Страница 99 из 101
23
— Даже и коробки теперь не такие. Когда я был молод, в каждом было что-то свое, свой характер, своя индивидуальность. А теперь это мерзкая безвкусица или дешевые приманки для туристов.
— Я принес тебе чаю, папа.
— Мир отравлен, страдает от голода, завис на грани ядерной войны, а все, что ты можешь, — это принести чашку чаю. К тому же еще и пролив его на блюдце.
— Извини.
— У меня жутко болит бедро, а тебе наплевать.
— Ты принял свои таблетки?
— Да. Никакого толку. Одна видимость. Может быть, это вообще просто сахар. Вот она, Служба здравоохранения. А еще плати шиллинг.
— Дай я поправлю подушки, папа. Ты разбросал их по всей постели.
— Я сам прекрасно могу их поправить. А тебе хорошо бы потратить частицу своего драгоценного времени и убрать здесь. Не понимаю, как я еще жив, когда комната просто кишит микробами. Тот кусок тоста, которым я швырнул в тебя на той неделе, все еще плесневеет вон там под столиком.
— Сейчас уберу.
— Нет уж, лучше оставь. Я к нему привязался. Приятно видеть что-то знакомое. Ты ведь ко мне не часто поднимаешься.
— Прости, папа, но мне ведь нужно проводить свои занятия и…
— Мысль, что ты можешь кого-то чему-то учить, просто корчит меня от смеха. Не знаю, чем я заслужил такого тупого сына. Говорю это, исходя из предположения, что ты в самом деле мой сын. Обычно людям в твоем возрасте все-таки удается жить нормально. У них есть человеческая работа, приличные дома, жены, которые не сбегают с евреями.
— Выпей чай, папа, и тебе станет лучше. Хочешь кекса?
— Нет, не хочу. И чувствую я себя превосходно, только проклятый бок донимает. Не пойду больше на эти тепловые процедуры. Толку от них никакого. Мне теперь хуже, чем когда они их начинали.

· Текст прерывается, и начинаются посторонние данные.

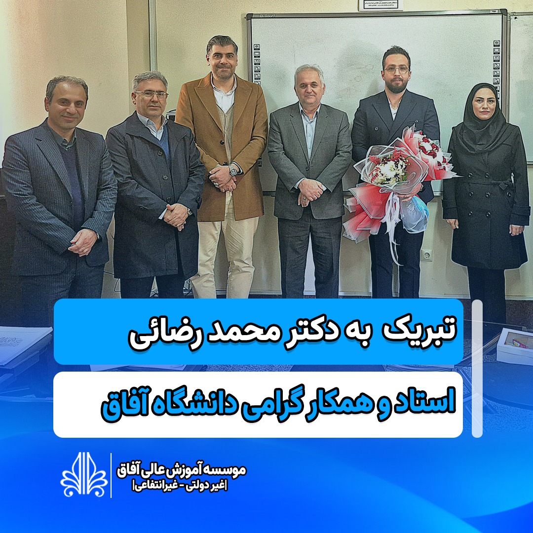 این موفقیت بزرگ را به جناب آقای دکتر محمد رضائی، همکار و مدرس پرتلاش و همچنین خانواده محترم ایشان، اساتید گرانقدر و جامعه علمی دانشگاه آفاق صمیمانه تبریک عرض مینماییم. دفاع موفقیتآمیز رساله دکتری با عنوان “تولید آبمیوه عملگرای غنی...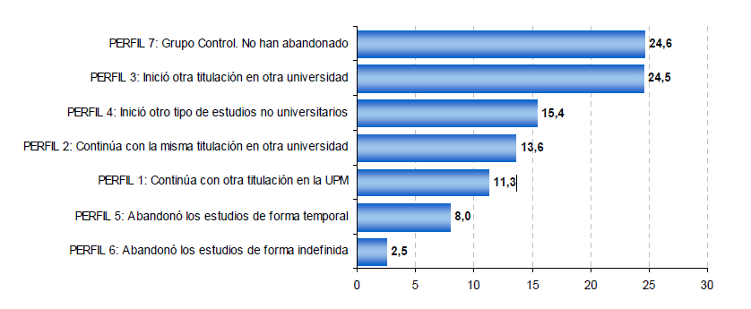 La distribución de los estudiantes encuestados según el tipo de perfil se muestra en la Figura 1. El perfil 7 se corresponde con el grupo de control de estudiantes que no han abandonado.

— Все дело в сырой погоде. Скоро тебе полегчает.
— А эти гаденыши в клинике говорят обо мне как о слабоумном или четвероногом. «Подвинь-ка его сюда, Джо», — выдал один из них в прошлый раз. Как вам это нравится? Удивительно, почему это они до сих пор не называют меня «оно». И все время ведут свои разговорчики, хаханьки, а на больных ноль внимания. Зуб даю, все они голубые.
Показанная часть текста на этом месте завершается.